I meant for the ATC to provide a descent estimate of when Lufthansa should be expected to enter the AERODROME TRAFFIC CIRCUIT (since you want tolink the FAA glossary) in order to land (they had them on a hold pattern for 35+ minutes). This is independent of whether the approach is IFR or VFR. A TOWER controller has all the information necessary to calculate that estimate, and should be expected to do so, the same way a stock trader is expected to calculate PnL of their positions on the fly given the current stock price.
Most of the queue would have been with approach, not tower. The aircraft sequenced to land were split across at least two controllers, tower and approach, and possibly more than one approach controller depending on how SFO splits them up. I would expect approach to be able to provide a reasonable estimate but it seems like in this case the estimate was found to be four minutes off, which seems totally within the bounds of a reasonable estimate from an approach controller.
The traffic pattern (US term) isn't really a factor here either way, airliners flying visual still usually use charted routes (like the instrument procedures) or radar vectors rather than the pattern. Remember that the pattern is only about one mile out from the field. By the time airliners are that close they're probably cleared.
> but it seems like in this case the estimate was found to be four minutes off
No, I don't think you are being at all accurate about characterizing that; maybe you lost count of the delays. After being told to wait ten more minutes, the pilots waited an extra four minutes before pressing for an update, and got told to wait another 10-15 (or f off).
Aerodrome traffic circuit is the ICAO term for traffic pattern, which is it what it is called in the US (it may be in the glossary but the point is that manual uses "traffic pattern" repeatedly).

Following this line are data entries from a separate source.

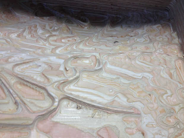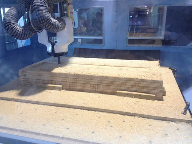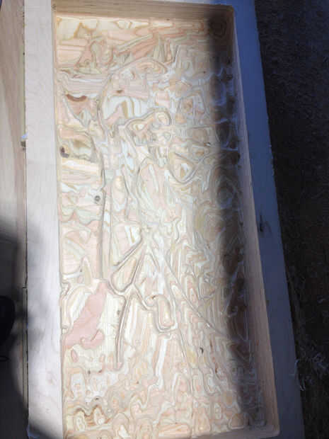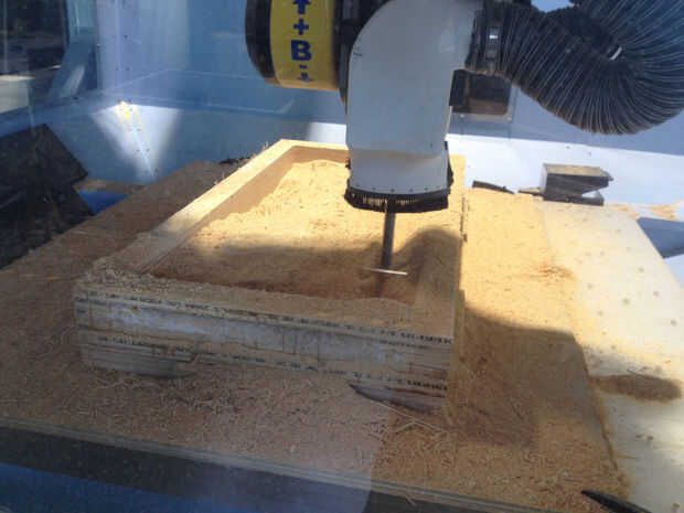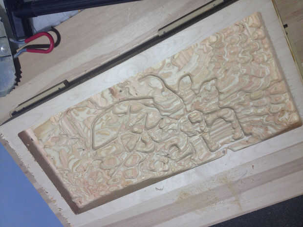 Corrí las pasadas de desbaste y acabadas a velocidades similares en comparación con la parte delantera. Resulta difícil ver lo que estaba sucediendo, otra vez por el serrín, pero el tiempo que se convirtió en más confianza que todo estaba funcionando según el plan. Cuando todo hubo terminado, ¡ a aspirar el polvo y reveló la parte de atrás!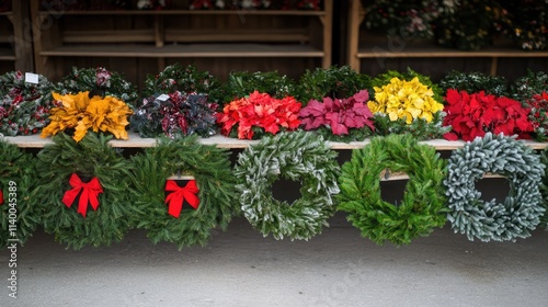 © Seyyar, Fototapeta premium Colorful Christmas wreaths displayed at a traditional market showcasing festive Advent decorations on a winter day.
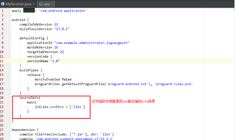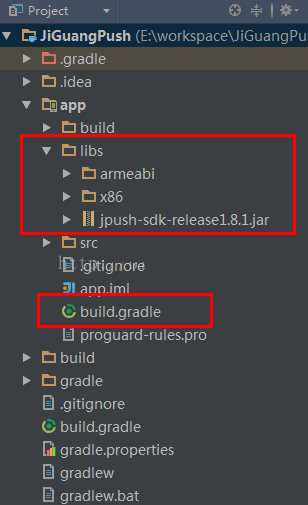 1,android studio如何加载极光推送的jar包和.so库文件.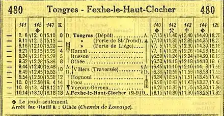 | Tableaux horaires[note 1] | 480 (1931) | |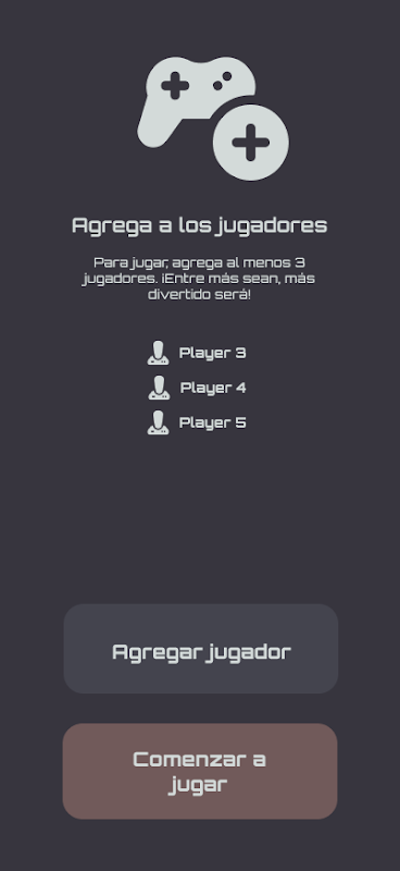 Минимальные требования: «Чтобы играть, добавьте как минимум 3 игроков. Чем больше, тем веселее!» (или «Чем больше игроков, тем веселее!»)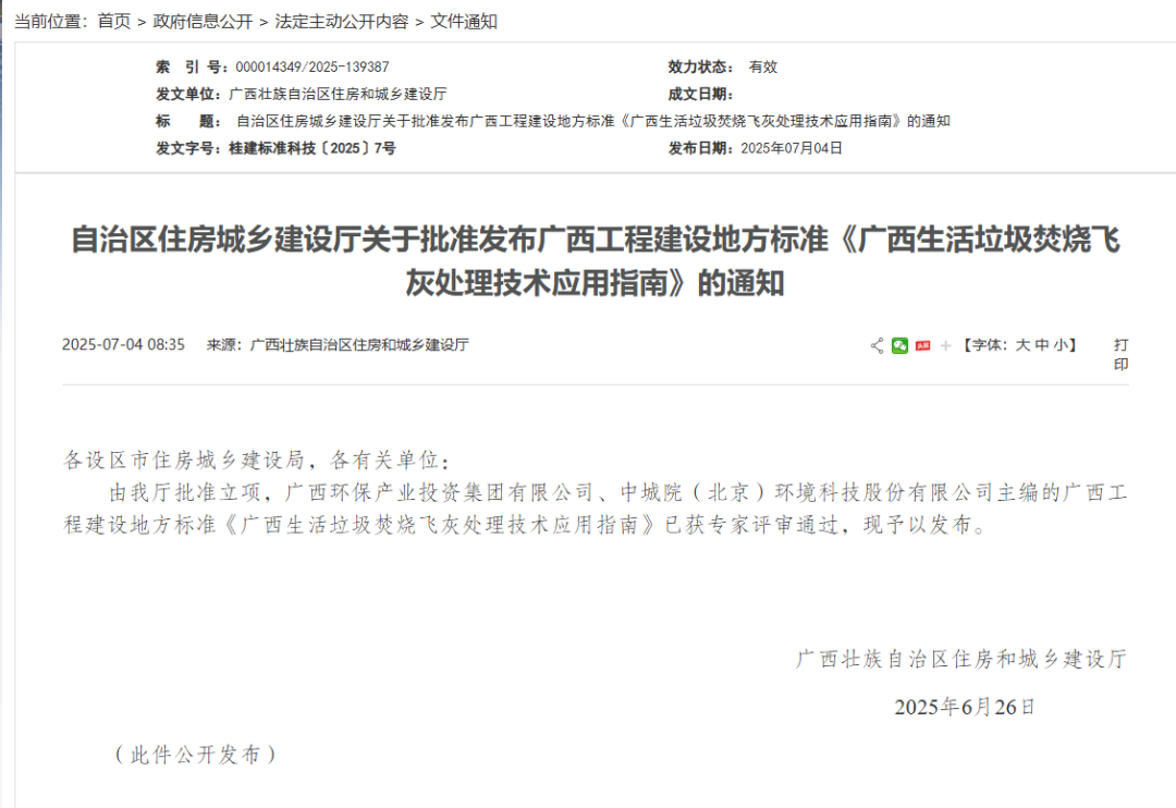广西环保集团牵头编制地方标准 助力固废处理行业发展——《广西生活垃圾焚烧飞灰处理技术应用指南》正式发...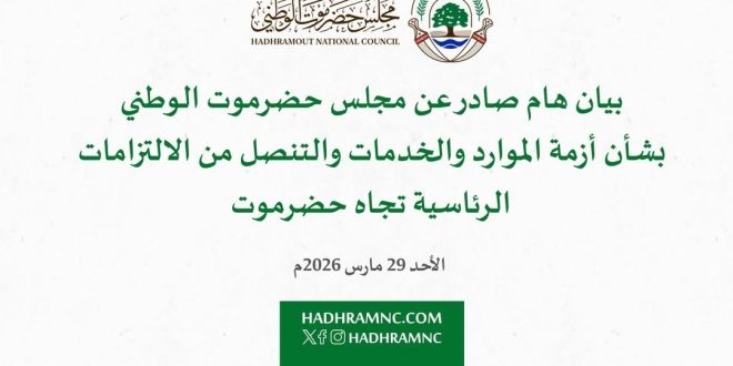 صادر عن: مجلس حضرموت الوطني التاريخ: 29 مارس 2026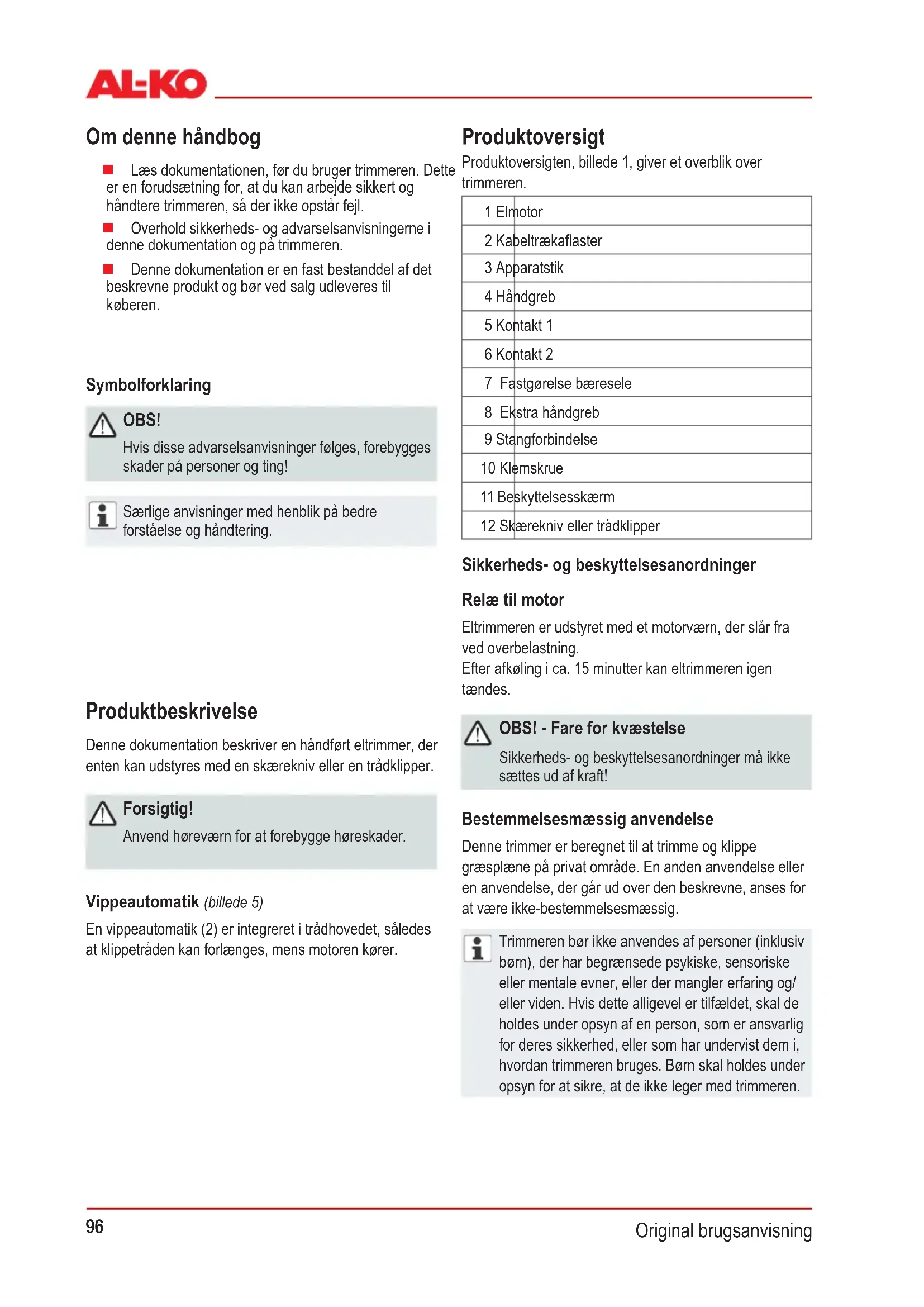 440 488 _c OBS! Trimmeren må ikke bruges i professionelt øjemed. Symbolernes betydning på trimmeren OBS! Læs betjeningsvejledningen Bær beskyttelsesbriller og høreværn Bær beskyttelseshandsker Bær sikkerhedssko Hold andre på afstand. Sikkerhedsafstand min. 10 m Fare ved bortslyngede genstande Tag straks stikket ud, hvis forlængerledningen beskadiges eller overskæres! Beskyt trimmeren mod regn og fugt Afstanden mellem trimmeren og udenforstående skal være på mindst 15 meter Sikkerhedsanvisninger OBS! Klippeværktøjet roterer også, efter at motoren er slukket. Kontroller net- og forlængerledninger for tegn på beskadigelse eller ældning, før trimmeren bruges. Hold forlængerledninger væk fra skæreværktøjet. Hvis ledningen bliver beskadiget under brug, skal den straks tages ud af el-nettet. RØR IKKE VED LEDNINGEN, FØR DEN ER TAGET UD AF EL-NETTET. Bær egnet tøj, øjenbeskyttelse og handsker. Lad aldrig børn eller ikke-instruerede personer bruge eller vedligeholde maskinen. Lokale bestemmelser kan fastsætte brugerens minimumsalder. Afbryd arbejdet med maskinen, når personer - først og fremmest børn - eller husdyr er i nærheden. Slå kun græs ved dagslys eller ved god kunstig belysning. Før brug og efter kollision skal trimmeren kontrolleres for tegn på slitage eller skader, og eventuelle reparationer skal foretages. Brug aldrig trimmeren med beskadigede eller manglende beskyttelsesanordninger. Hold altid hænder og fødder væk fra skæreanordninger, først og fremmest når motoren startes. Der er risiko for at komme til skade ved alle anordninger, der bruges til afskæring tråden. Når en ny tråd er trukket ud, skal maskinen altid holdes i sin normale arbejdsposition, før den tændes. Anvend kun originale reservedele og tilbehør. Træk netstikket ud før kontrol, rengøring eller arbejde på trimmeren, og når den ikke er i brug. Sørg for at luftåbninger er fri for urenheder. På trods af tekniske og supplerende beskyttelsesforanstaltninger vil der altid være en lille risiko ved at arbejde med trimmeren. Hold grebene tørre og rene. Fjern fremmedlegemer i arbejdsområdet. Brug kun trimmeren i teknisk fejlfri stand. Hold altid beskyttelsesskærmen, trådhovedet og motoren fri for rester af afklip. Hold krop og tøj væk fra klippeværket. Personer, der ikke er godt inde i, hvordan trimmeren betjenes, skal øve sig på at bruge den, mens motoren er slukket. Bær egnet arbejdstøj.98 Original brugsanvisning Sørg for sikkert fodfæste, når du arbejder med trimmeren. Betjen altid trimmeren med begge hænder. Hold andre ud af fareområdet. Efterlad ikke trimmeren uden opsyn. Stå altid neden for skæreværket, når du arbejder på skråninger. Når du arbejder på skråninger: Arbejd aldrig på glatte og fedtede skråninger. Sørg altid for sikkert fodfæste. Klip altid på tværs af skråninger, aldrig op- eller nedad. Arbejd ikke på skråninger, der hælder mere end 10°! Vær særlig forsigtig, når du vender dig med trimmeren! Efter kollision med fremmedlegeme: Sluk for motoren. Kontroller trimmeren for skader. Betjen aldrig trimmeren, hvis du er påvirket af alkohol, narkotika eller medicin. Forskrifterne til forebyggelse af uheld skal overholdes. Elektrisk sikkerhed Forsigtig! Fare ved berøring af strømførende dele! Tag straks stikket ud, hvis forlængerledningen beskadiges eller overskæres! Vi anbefaler tilslutning via en HFI-afbryder med en nominel fejlstrøm på < 30 mA. Netspændingen i huset skal stemme overens med angivelserne om netspænding i Tekniske data. Ingen anden forsyningsspænding må anvendes. Brug kun forlængerledninger, der er beregnet til udendørs brug - min. tværsnit 1,5 mm

And this "traffic circuit" you refer to is almost always a VFR thing, as IFR approaches use specific charted procedures that generally do not end with a traffic circuit.
Aerodrome traffic pattern is completely different from holding patterns. And this is what LH was instructed to do, keep holding. Holding patterns are published for all airports and usually planes are stacked on those holding patterns and they are emptied FIFO style. Busier airports have multiple holding patterns to accommodate a large number of aircraft in case of on ground emergencies.
Sure, but GP stated wrt traffic patterns, "This is independent of whether the approach is IFR or VFR." which is not the case. For IFR, as was the case here, the LH was looking to execute an IFR approach, not ever enter the aerodrome traffic circuit.